┌──

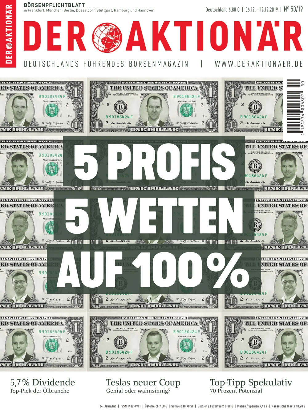 Die Zeit läuft. Fünf Redakteure des AKTIONÄR stellen sich in der aktuellen Ausgabe einer besonderen Herausforderung. Wer erzielt den schnellsten Verdoppler? Gehandelt werden dürfen keine Optionsscheine, sondern ausschließlich Aktien. Dadurch werden die ausgewählten Titel auch für Anleger mit einer risikoreduzierten Strategie interessant. Der Wetteinsatz beträgt in Anlehnung an den Film „Die Glücksritter“ einen Dollar.
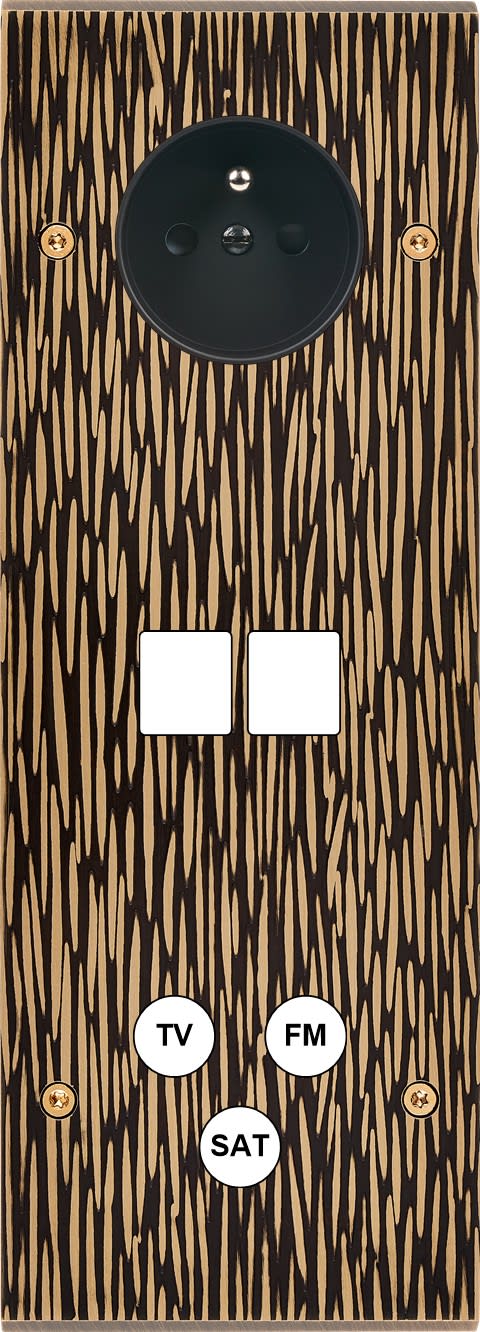 Façade Fascination en laiton massif finition Fauve triple verticale prise de courant 2P+T 2 média 1 TV-FM-SAT à vis. Dimensions : 80x222x5mm, deux chanfreins biseautés. Fabriqué en France, dans les ateliers de Steaven Richard.
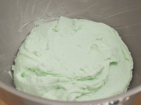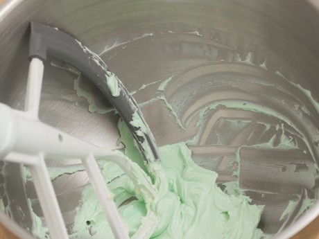 2. Ajouter le beurre fondu au fromage à la crème et bien incorporer. Ajouter les extraits et un peu de colorant en gel (utiliser un cure-dent, car la pigmentation des colorants en gel est prononcée). Continuer à mélanger jusqu'à l'obtention d'une couleur homogène.

└──

Before copying the data, remove the pictures. Then repeat the rest exactly.

▶ [Solved exercise]:
 Die Zeit läuft. Fünf Redakteure des AKTIONÄR stellen sich in der aktuellen Ausgabe einer besonderen Herausforderung. Wer erzielt den schnellsten Verdoppler? Gehandelt werden dürfen keine Optionsscheine, sondern ausschließlich Aktien. Dadurch werden die ausgewählten Titel auch für Anleger mit einer risikoreduzierten Strategie interessant. Der Wetteinsatz beträgt in Anlehnung an den Film „Die Glücksritter“ einen Dollar.
 Façade Fascination en laiton massif finition Fauve triple verticale prise de courant 2P+T 2 média 1 TV-FM-SAT à vis. Dimensions : 80x222x5mm, deux chanfreins biseautés. Fabriqué en France, dans les ateliers de Steaven Richard.
 2. Ajouter le beurre fondu au fromage à la crème et bien incorporer. Ajouter les extraits et un peu de colorant en gel (utiliser un cure-dent, car la pigmentation des colorants en gel est prononcée). Continuer à mélanger jusqu'à l'obtention d'une couleur homogène.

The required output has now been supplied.